Here’s what the “possible third words” data structure looks like, showing the first few entries with the word pair on the left and the possibilities separated by
| on the right:
shalt not kill. | commit | steal. | bear | covet | covet Thou shalt not | not | not | not | not nor his manservant, | maidservant, | ox, | ass, not covet thy | thy covet thy neighbours | neighbours thy neighbours house, | wife, not kill. Thou kill. Thou shalt not commit adultery. ...
So if you start with “shalt not”, you randomly choose “kill.”, “commit”, “steal.”, “bear”, or “covet” as the next word. Because “covet” appears twice in the list of possibilities, it’s twice as likely to be chosen as the next word.
You can see how we’ve included capital letters and punctuation in the words. This keeps the word-splitting simpler, but it also means the generated output will automatically generate “sentences” with capitalization and punctuation that actually occurred in the input. It’s quite a neat trick!
What does the generated output look like? Let’s try it using the Ten Commandments input above:
Thou shalt not bear false witness against thy neighbour. Thou shalt not commit adultery. Thou shalt not steal. Thou shalt not covet thy neighbours house, thou shalt not commit adultery. Thou shalt not covet thy neighbours house, thou shalt not steal. Thou shalt not commit adultery. Thou shalt not steal. Thou shalt not covet thy neighbours…
As you can see, the problem with using such a small input text is that the output is often a verbatim copy of the input text – or something randomly close to it.

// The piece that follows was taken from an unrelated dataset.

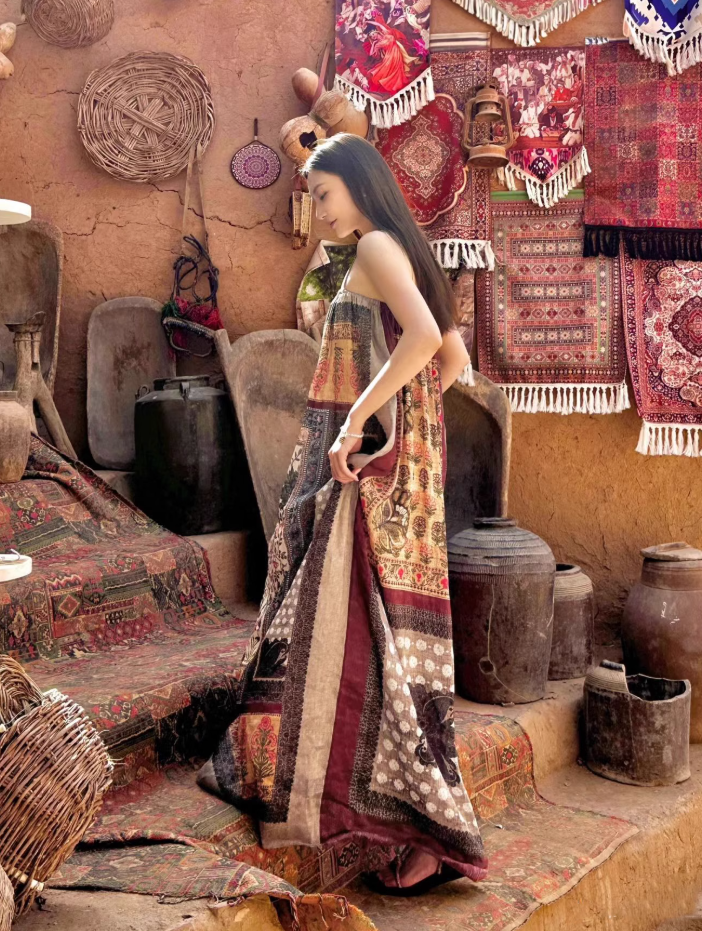 Travel wear retro ethnic style Bohemian suspender dress seaside beach dress R1623
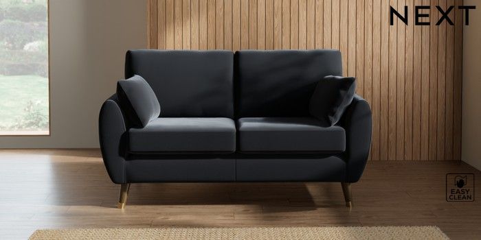 7.3.1 Buy Wilson 2 Seater Sofa Plush Velvet Easy Clean Charcoal Grey Low Retro Tapered Metal Cap - Mid from the Next UK online shop Click here to use our accessible website

If you use a larger input text, you get much more interesting output.
Some better examples
Below are some more fun outputs using larger input texts. We’ll generate 100 words from each input. The books were sourced from Project Gutenberg.
Using my articles
Using the articles I’ve written as input:
Especially if you need to return a value, but are now very flat – almost 5x as fast. Still, if you need a custom exception; use built-in exceptions if appropriate. Only break backwards compatibility if you’re on Linux, this uses the x86’s SSE/SIMD instructions to process CSV using AWK, such as
NFare read-only in AWKGo. What does “Pythonic” mean? That’s a lot of fun. My recommendation: roll your own type-safe
OrderedMap<int>. But because Lox strings don’t support escape sequences, there’s no
undefined, and you have it! A minimalist Make in one of its revenue comes from the…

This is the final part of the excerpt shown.